3. Capital allocation for the stage. Rational and notably unflashy. The reinvestment that’s firmly evidenced is the right kind: two new plants (Odisha — the first outside Karnataka, with ₹40–50 crore of subsidies starting FY27 — and K.R. Pet), a “unprecedented” technology build-out (DMS, SAP, analytics), and marketing deliberately normalised back up toward 5% of sales even though it costs two points of margin guidance. No acquisitions, no diversification adventures, no equity dilution — the promoter stake fell from 46.1% to 42.9% through family selling, not company issuance, and has been flat for six quarters. They walked away from a large-format retailer over margin parity rather than buy growth. On cash returns the snapshot now does the verifying: dividend payout ran 72% of profit in FY24, 138% in FY25 and 80% in FY26 — roughly 97% of earnings handed back over three years — which is the right answer for a business earning 64% on capital with more cash than it can usefully redeploy. Textbook on both sides of the ledger: reinvest where the returns are, return the rest.

4. Price. Demanding, though not quite the runaway multiple of legend. As of the June 2026 snapshot, Page trades at ₹38,390 a share — a market cap of ₹42,808 crore — which works out to 54 times FY26 earnings, 28.8 times book value and a 2.33% dividend yield, with the stock sitting about a quarter below its 52-week high of ₹50,590. Against that multiple sits a business that just grew profit 4.8% in FY26, guided FY27 EBITDA margins down to 19–21% from 22%, and needs the Q4 volume recovery (+10.8%, partly macro-led by management’s own admission, off a flood-and-conflict-depressed base) to harden into a sustained double-digit run-rate. Two things soften the read: the economics genuinely earn a premium — at 64% ROCE with near-total payout, a rupee of Page’s earnings is worth more than a rupee of the average company’s — and the 2.3% yield pays something real while you wait. But 54 times earnings still prepays most of the bull case — inventory correction over, competitors retreating, plants maturing into a margin tailwind. As of the June 2026 snapshot, the price assumes the slump was a two-year detour and the compounding machine resumes near its old pace; mid-single-digit growth as the new normal is not in the price.

Sources

  • Concall transcripts read (4): Q1 FY26 (call Aug 2025), Q2 FY26 (Nov 2025), Q3 FY26 (Feb 2026), and Q4/FY26 full-year (call 21 May 2026). These were the backbone of this piece — rich on numbers, channel detail, ARS, margin guidance and management tone.

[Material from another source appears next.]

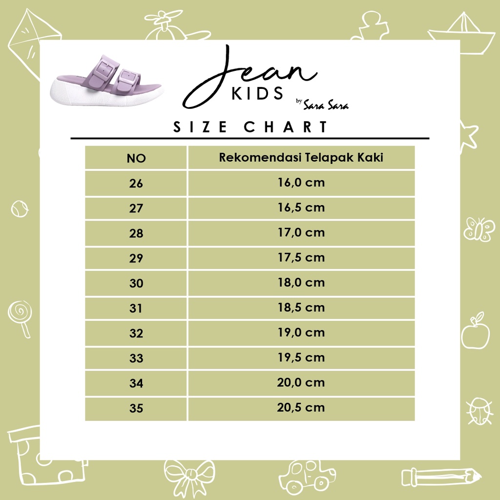 Sara Sara Jean Kids Size 26-35 Sandal Slop Anak Casual al Selop Anak Ban Dua

  • Annual reports (3): FY25, FY24, FY23 — but the trimmed sections came back thin (chairman/MD letters and most company-specific MD&A were absent in the parsed extracts), yielding little beyond a few revenue lines and the Odisha-plant milestone. The qualitative read here leans on the calls, not the ARs.

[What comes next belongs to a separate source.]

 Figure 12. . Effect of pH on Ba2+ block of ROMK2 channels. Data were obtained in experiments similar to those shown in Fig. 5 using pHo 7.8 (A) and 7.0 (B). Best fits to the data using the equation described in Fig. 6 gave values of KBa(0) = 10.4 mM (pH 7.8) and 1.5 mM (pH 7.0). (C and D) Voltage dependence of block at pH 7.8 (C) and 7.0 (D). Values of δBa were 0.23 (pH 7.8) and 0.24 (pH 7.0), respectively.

  • Screener snapshot: re-fetched 2026-06-10 (standalone page; the earlier consolidated fetch returned empty tables). The refresh restored the full picture — key ratios (market cap ₹42,808 cr, P/E 54.2, ROCE 64.4%, ROE 54.3%, dividend yield 2.33%), 13 quarters of results, the annual P&L back to FY15 with dividend payout history, balance sheet, cash flow and shareholding. Snapshot figures reconcile with the concall transcripts (FY26 revenue ₹5,247 cr / +6.3%; Q4 ₹1,253 cr; 22% FY26 EBITDA margin).
  • Research dumps in vault/Sources/Earnings/Page Industries Ltd/ (not published).